Kavitha, who is now home with her 11 and 5-year-olds in Bengaluru, talks about her terrace garden of tomatoes, green chillies, mint, turkey berries, papaya, roses, dahlia and hibiscus -- fondly and with a sigh of relief. “We started a small garden last summer and that is now helping out, giving us some sanity in these stressed times,” she says.

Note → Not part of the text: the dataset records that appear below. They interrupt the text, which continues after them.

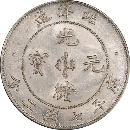 造洋北 光 ᠪᠠᡩᠠᡵᠠᠩᡤᠠ 寶 ᠶᡠᠸᠠᠨ ᠪᠣᠣ 元 ᡩᠣᡵᠣ 緒 分二錢七平库 (Translation: Made at Pei Yang Guangxu (Emperor) / Yuanbao (Original currency) Guangxu (Emperor) / Yuanbao (Original currency) Worth 7 Mace and 2 Candareens (weight)) |
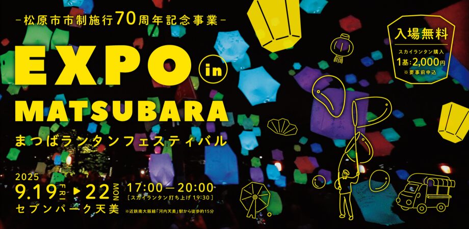 松原市で夜空を彩るスカイランタンの打ち上げを開催!世界各国の料理を味わあえる国際フードキッチンカーなども同時開催!ステージショーや体験ブースなどもあり!
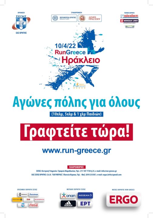 Την ερχόμενη Κυριακή 10 Απριλίου θα διεξαχθεί στο Ηράκλειο ο αγώνας δρόμου Run Greece Ηράκλειο που διοργανώνει ο ΣΕΓΑΣ με τον ΕΑΣ ΣΕΓΑΣ Κρήτης υπό την αιγίδα της Περιφέρειας Κρήτης και του Δήμου Ηρακελίου.
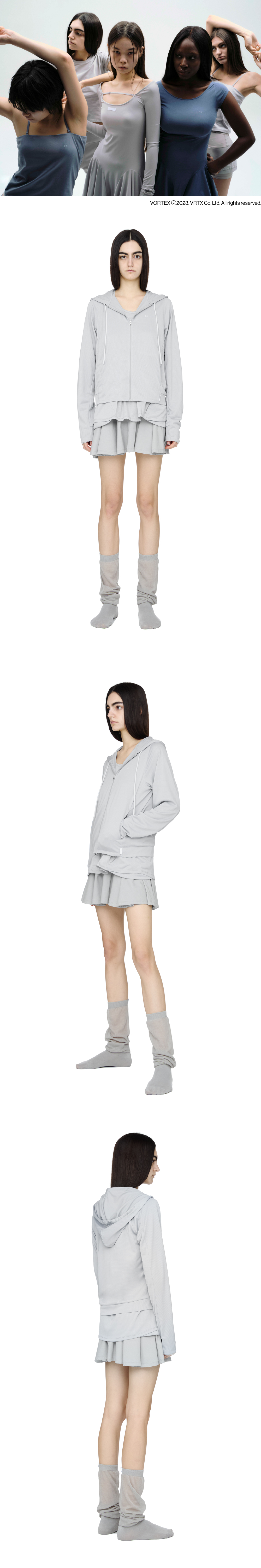 OJOS의 에센셜 라인 i:e 후디집업 |세미크롭핏 |전면 ie 로고 전사 |가볍고 통기성 좋은 메쉬 원단 |기능성 ATB-UV+ 소재 |소매 끝 메쉬 디테일 |데일리한 원마일웨어 |전면에 YKK 지퍼 및 풀러 마감
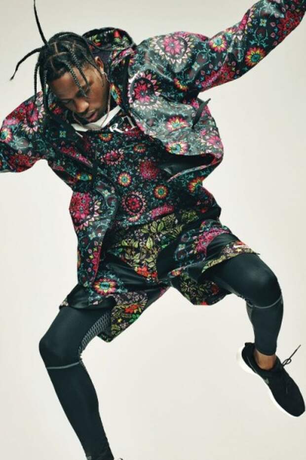 Scott wears a NikeLab x RT jacket ($225), T-shirt ($75), and shorts ($120);

For Herald J George, also from Bengaluru, the terrace with its garden has become “the spot” for the entire family to hang out. From his 71-year-old mother to his two-year-old son, they all take turns to spend time on the terrace. “Having been indoors for the last three weeks, we began our lockdown a few days prior to the PM’s advice, we appreciate the blessing that this terrace garden has become in our lives. A house without this space, during this period of being indoors, would have been a lot more painful,” he says.

25-year-old Krishna, a content strategist at Freshworks, Chennai, says that when he’s on his terrace with his father, time flies. A sock, a cricket ball, and a rope is enough to keep them occupied, says the grade cricketer who plays for a local club on weekends in leagues like the Blue Sky. “My dad and I take turns with hanging-ball-cricket. We barely notice the time passing when we're at it. Here’s a picture of the seventh sock that we tore in the process,” he laughs. Some have also been flying kites.

Padmaja Konisetti from Hyderabad who had been to her terrace only thrice while living in the apartment for three years, now takes time to work out with her sister there.

Rashi Vidyasagar who moved to Bengaluru just three years ago from Mumbai is sending some love back home by live streaming the sunset from her terrace. “Because it is so rare to come across something like this in Mumbai,” she reasons.

Saradha, a journalist from Chennai, sounds excited when asked about her terrace escapades. “My father, mother, husband and my one-year-old child go up to the terrace almost every evening these days. Sometimes we even change our clothes, comb hair and get ready like we would for an outing,” she says. “Last week I found my mother's college slam book and we took it out for our 'motta madi' session. We made my mother recall her memories, including her love story with my father,” she says.

While some share that they’ve made new friends with neighbours they haven’t spoken to before, others also talk about playing with their pets on the terrace. And there are those who want to make the terrace a part of the everyday ritual, even after the lockdown ends. Reshma, for instance, confides, “Terrace is like this newfound discovery for me and my husband. Pre-COVID we’d probably have been to the terrace 10 times a year but now we look forward to it. It gives us our individual space and in fact I told him we should retain this ritual even later.”